= Hugh Burrill =

Canadian radio sports anchor

Hugh W. Burrill is a Canadian radio sports anchor. Hugh was born in Pembroke, Ontario and raised in Chalk River, Ontario.

==Career==
Burrill began his career working for numerous radio stations for a few years. His first television gig was at Citytv Toronto, working as a writer for Breakfast Television. He was soon named the news producer and then he became an on-air personality as sports specialist for Breakfast Television and CityNews at Noon. He was then moved to CityNews at Six and CityNews Tonight Weekend Editions.

In 2007, Citytv's former parent, CHUM Limited was acquired by CTVglobemedia. At the same time, Burrill was hired by Rogers Media when the company acquired the Citytv stations including Toronto.

On January 19, 2010, as Rogers Media restructured its television operations, many Citytv staff members were laid off and several newscasts, including the weekend newscasts, were cancelled. Burrill became a sports reporter and substitute for Kathryn Humphreys as sports anchor. Weekend editions of CityNews returned in March 2011, and Burrill returned to his position of weekend sports anchor. Burrill then left the weekend news to focus on sports on their 24-hour news channel, CityNews Channel.

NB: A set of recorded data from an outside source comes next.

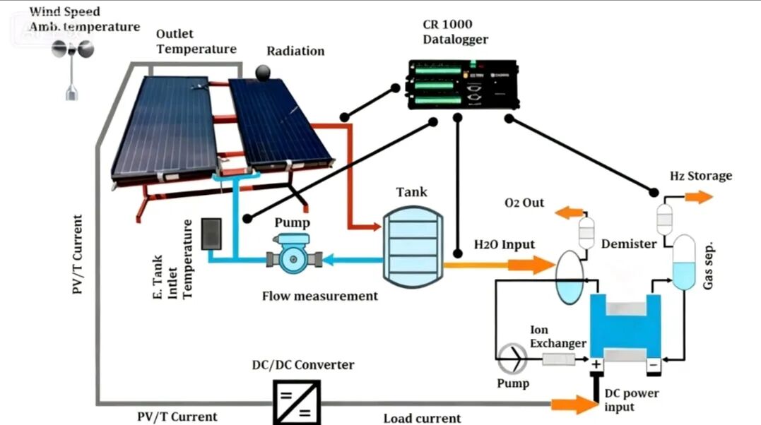 该系统结合了光伏发电与集热功能,由PV/T板、DC/DC变换器和PEM电解槽组成。PV/T系统为电解槽提供电流并预热进水。利用PEM电解槽(PEMEC)进行的年度测试数据对比了纯PV系统与PV/T系统的月产氢量,表明PV/T系统因热能利用具有优势。
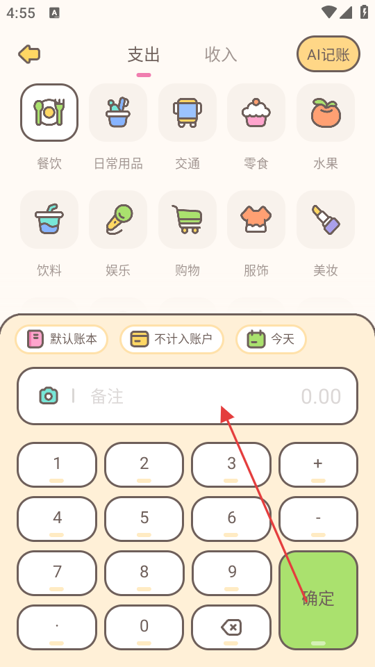 3、在编辑界面,选择支出或收入类型、输入金额、添加备注后点击【确定】,可记录该笔账目。
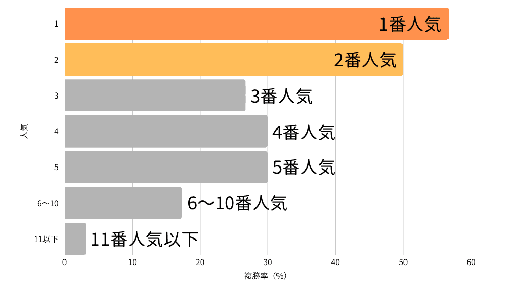 ・1番人気馬の信頼度はやや高く、2桁人気馬の激走も比較的多い
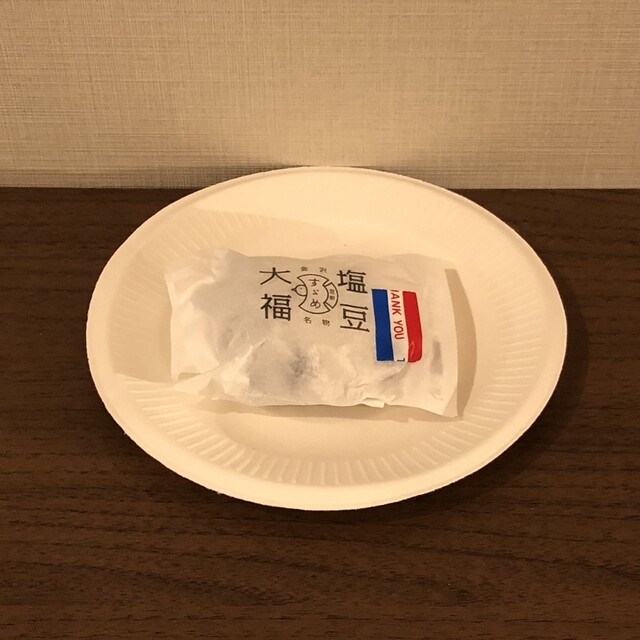 最初1個だけ購入したのですが、ホテルで食べた際に、帰路でもう1個購入することを即決したくらいには、好みど真ん中の塩豆大福でした。今まで頂いた中でも1、2を争うくらいストライクでした。
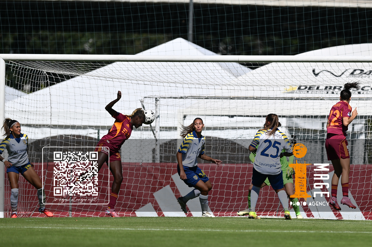 As Roma 04/10/2025 - campionato di calcio serie A femminile / Roma-Parma / foto Antonello Sammarco/Image Sport nella foto: Viktoria Pinther-Valentina Bergamaschi
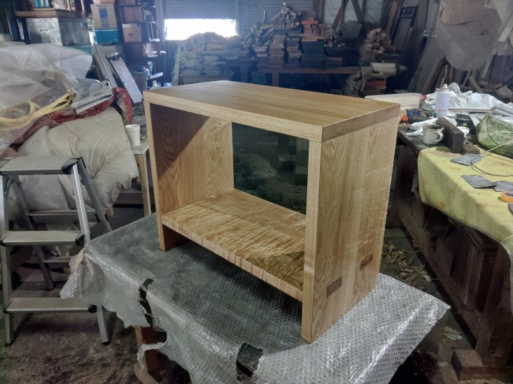 特注品のオークのTVボードを作っていました。

In 2016, Burrill joined consulting firm Fraser Torosay.

On February 8, 2017, it was announced that Burrill would be part of Sportsnet 590 The FAN's new morning show: Sportsnet's Starting Lineup with Brady & Price. The new show, which launched on February 27, 2017 features Elliott Price, Greg Brady and Burrill.

On June 21, 2021, Burrill announced that he would retire from broadcasting after June 25, 2021 to become Brand Ambassador for Golf Town, a sports retailer company.

==Personal life==
He is an avid Montreal Canadiens fan.